*Exercise prompt*: Skip all pictures. Set down only the lines starting at the line containing "of early-life air" and running to the end of the listing.

*Source material*:
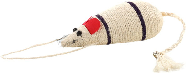 Ce grattoir pour chat en sisal avec souris est un jouet idal pour gratter. Il est fabriqu en corde de sisal durable et produit un bruit de cliquetis pour plus de plaisir de jeu. Il peut tre facilement fix au mur l'aide de la boucle et la clochette pour chat complte le tout.
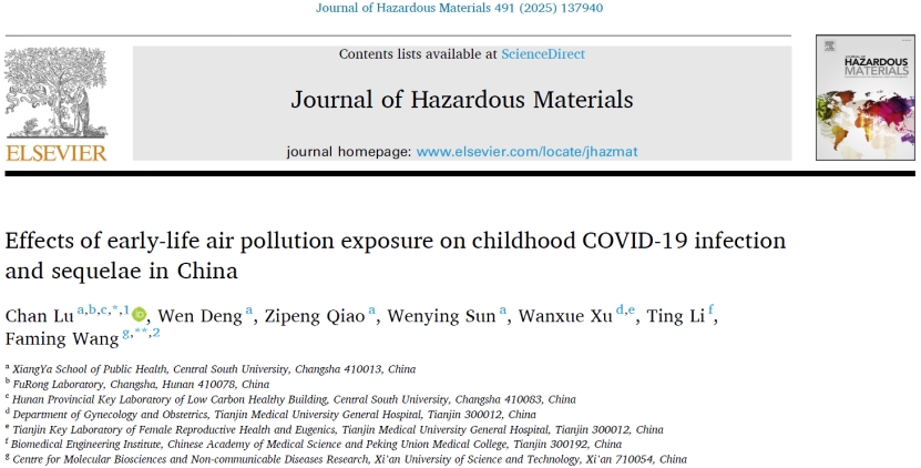 湘雅公共卫生学院劳动卫生与环境卫生学系路婵教授团队与西安科技大学OHRG团队负责人王发明教授的合作研究成果“Effects of early-life air pollution exposure on childhood COVID-19 infection and sequelae in China”在国际环境健康领域权威期刊《Journal of Hazardous Materials》(IF:12.2,JCR Top 3%,中科院1区TOP)以Research Paper发表。路婵教授为该文第一作者和共同通讯作者,王发明教授为该文共同通讯作者,18porn
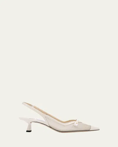 JIMMY CHOO Amita Mesh Pearly-strap Slingback Pumps In Lattechamp
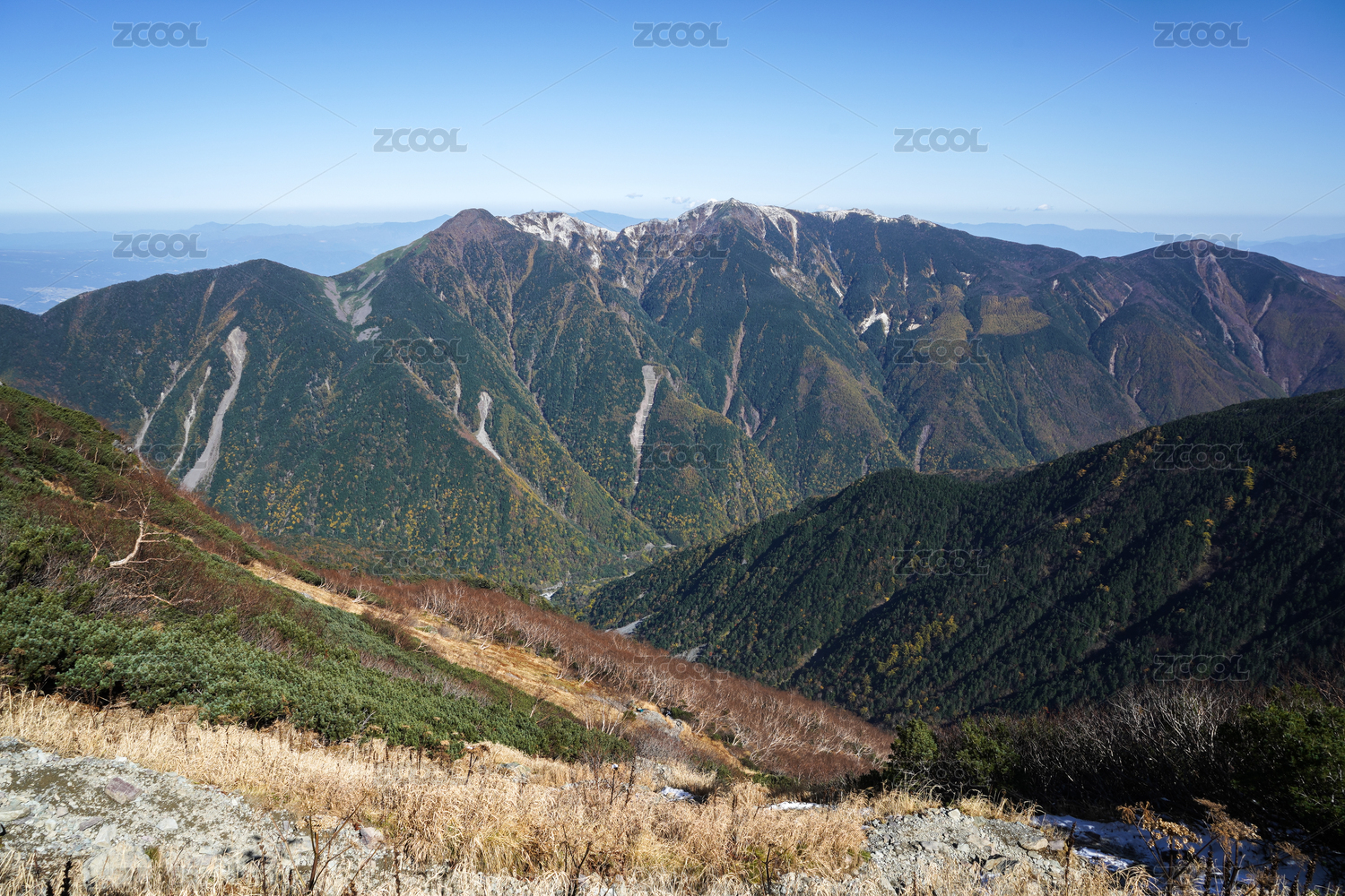 北岳的登山路线和远处的甲斐驹岳 日本南阿尔卑斯山脉

*Response to the task*:
 湘雅公共卫生学院劳动卫生与环境卫生学系路婵教授团队与西安科技大学OHRG团队负责人王发明教授的合作研究成果“Effects of early-life air pollution exposure on childhood COVID-19 infection and sequelae in China”在国际环境健康领域权威期刊《Journal of Hazardous Materials》(IF:12.2,JCR Top 3%,中科院1区TOP)以Research Paper发表。路婵教授为该文第一作者和共同通讯作者,王发明教授为该文共同通讯作者,18porn
 JIMMY CHOO Amita Mesh Pearly-strap Slingback Pumps In Lattechamp
 北岳的登山路线和远处的甲斐驹岳 日本南阿尔卑斯山脉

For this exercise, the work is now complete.